Inspired by this thread, I went looking around the house for something to take apart. All I could find was a video player... but there are so many parts. probably the only usable ones are the caps (and its caps galore in there!) there are some ICs and some trannies (though i dont think they are anything worth salvaging, all the trannie names start with IC or Q)

I'll copy down some IC names:
IC5901
IC001
IC901

thats actually all i can find, oh and the biggest freaking diode i've ever seen. I'll take a photo tomorrow if anyone wants.

So is anything worth salvaging or did i just rip apart a vcr for nothing  ;D
-Jack

Is that a plastic washing basket?

"Actually a Sterilite-branded storage tub.  Rubbermaid has better mojo, but it cost more" - Phaeton

idlechatterbox

I'd like to see photos of the phone-to-tremelo pedal project! That's impressive. It's like those old stories about how the indians used every part of the buffalo  :P

As far as hacking parts of old PCBs, the problem I find is that the leads are so short. I'm not really great with a soldering iron to begin with, but when I only have a few millimeters of wire lead to work with... I either fry the component or end up wishing I wasn't too cheap to go to radio shack (which is a few blocks away).

They definitely don't build electronics like VCRs around the idea that people will someday be wanting to remove and reuse the parts.

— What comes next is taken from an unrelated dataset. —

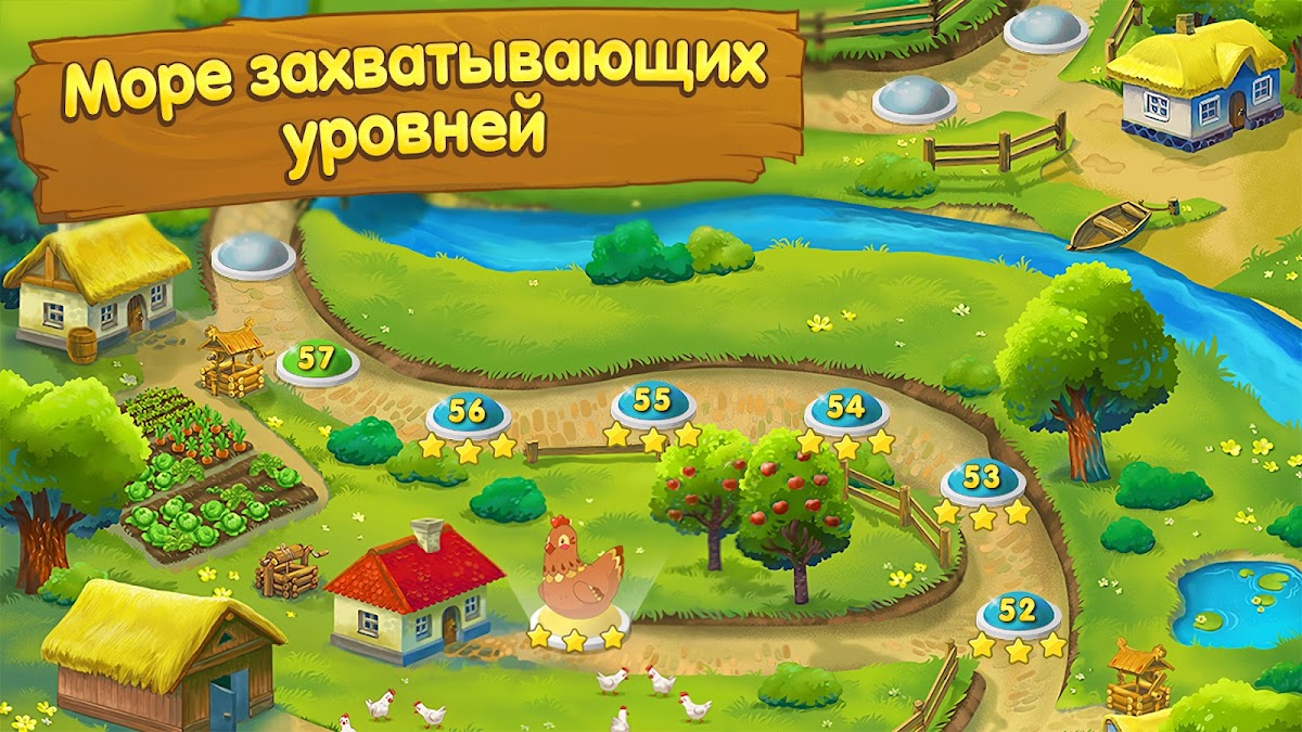 Наслаждайтесь классическим тайм-менеджмент геймплеем. Для того, чтобы покормить животных или собрать продукты достаточно просто нажать на экран! Попробуйте нашу весёлую ферму!

Not that it's stopped me...  ;D

snufkin

yeah we want photos of that 

i just walked past my local hiar dressers and they were throwing out an old les paul copy so i went in to the local guitar shop and got a new tunomatic and some better tuners and gave it to my little brother .......at least now there will be less ukele in the house  :D and beleve me thats a big plus


i also walked past some old arcade games in a skip  im gonna salvage them tonight


i saw one senior member had a heat gun and the caps and stuff just drop out when they use it
easyface,phase 90,many fuzz faces,feedback looper,tremulus lune and so on soon to be ADA!

christobean

Quote from: snufkin on August 02, 2006, 12:27:34 PM
i just walked past my local hiar dressers and they were throwing out an old les paul copy
i also walked past some old arcade games

:icon_exclaim: :icon_exclaim: so you got a free axe? and video games? thats awesome.

a word on salvaging:  when you are just going through an old pcb pulling out every resistor, cap, and whatever else, you are probably better off just buying an assorted pack from somewhere like futurlec or smallbear or something, but if you have a good base of parts with reasonable lead lengths, and just need to find that last resistor or cap, salvaging is the way to go.  my reasoning is thus:  with reusing parts, you double your chances of trashing the part when u remove it and install it again, making for a lot of frustration in debugging.  i just broke down and bought a load of components, and now i can concentrate on building, not searching through a tin of tiny resistors, trying to decipher the scratched and battered codes.

idlechatterbox

I seriously need to move to a neighborhood where the hair dressers even HAVE a les paul, much less hand it to me as I walk by....  :icon_eek:

birt

i salvage caps, transistors, ic's, trimpots, inductors, and sometimes resistors.

ic's are hard to desolder but i found something great on my grandpas attic. it's a solderpoint on which he attached a metal blok with eight holes to desolder all the legs of an ic instead of one leg at a time. i haven't tried it yet but it's covered in solder so i guess it works. i'll probably put it on a cheap extra soldering iron so i don't have to switch solderpoints.